_Data supplied:_
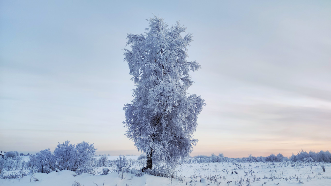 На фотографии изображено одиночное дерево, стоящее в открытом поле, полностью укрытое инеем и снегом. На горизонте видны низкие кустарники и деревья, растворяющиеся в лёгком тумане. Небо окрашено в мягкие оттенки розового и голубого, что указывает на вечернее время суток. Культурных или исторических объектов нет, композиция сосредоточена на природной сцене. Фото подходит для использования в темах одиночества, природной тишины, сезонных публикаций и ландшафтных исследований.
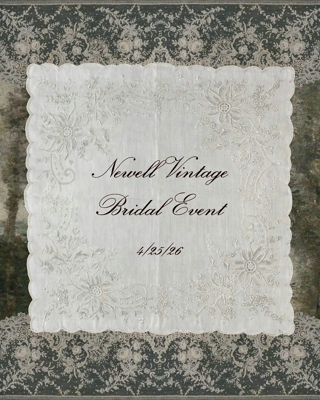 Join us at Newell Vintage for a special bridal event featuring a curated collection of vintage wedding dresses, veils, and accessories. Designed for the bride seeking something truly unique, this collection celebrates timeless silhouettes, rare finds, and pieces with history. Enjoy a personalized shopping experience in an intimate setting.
* * *
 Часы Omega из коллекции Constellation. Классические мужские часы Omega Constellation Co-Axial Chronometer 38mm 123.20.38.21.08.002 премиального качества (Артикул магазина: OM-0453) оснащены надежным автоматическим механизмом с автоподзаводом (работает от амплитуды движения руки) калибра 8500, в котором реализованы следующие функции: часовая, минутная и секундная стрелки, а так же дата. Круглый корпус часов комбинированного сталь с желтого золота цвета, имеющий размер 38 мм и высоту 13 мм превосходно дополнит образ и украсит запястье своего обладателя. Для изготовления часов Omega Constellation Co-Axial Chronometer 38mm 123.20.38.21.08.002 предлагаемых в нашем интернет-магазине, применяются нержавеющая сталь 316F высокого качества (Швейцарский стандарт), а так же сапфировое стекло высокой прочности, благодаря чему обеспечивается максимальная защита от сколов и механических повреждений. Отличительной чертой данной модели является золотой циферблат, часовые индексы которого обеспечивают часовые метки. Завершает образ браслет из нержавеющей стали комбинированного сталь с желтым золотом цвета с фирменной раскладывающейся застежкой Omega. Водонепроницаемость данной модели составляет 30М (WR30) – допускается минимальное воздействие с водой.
---
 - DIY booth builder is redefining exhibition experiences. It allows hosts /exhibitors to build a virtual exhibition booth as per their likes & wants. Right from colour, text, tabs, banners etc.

_What you are asked to do:_ Make an exact copy of the lines above, beginning with the line with "На фотографии изображено" and ending with the line with "Join us at Newell", and keep the pictures out of it.

_Answer space:_
 На фотографии изображено одиночное дерево, стоящее в открытом поле, полностью укрытое инеем и снегом. На горизонте видны низкие кустарники и деревья, растворяющиеся в лёгком тумане. Небо окрашено в мягкие оттенки розового и голубого, что указывает на вечернее время суток. Культурных или исторических объектов нет, композиция сосредоточена на природной сцене. Фото подходит для использования в темах одиночества, природной тишины, сезонных публикаций и ландшафтных исследований.
 Join us at Newell Vintage for a special bridal event featuring a curated collection of vintage wedding dresses, veils, and accessories. Designed for the bride seeking something truly unique, this collection celebrates timeless silhouettes, rare finds, and pieces with history. Enjoy a personalized shopping experience in an intimate setting.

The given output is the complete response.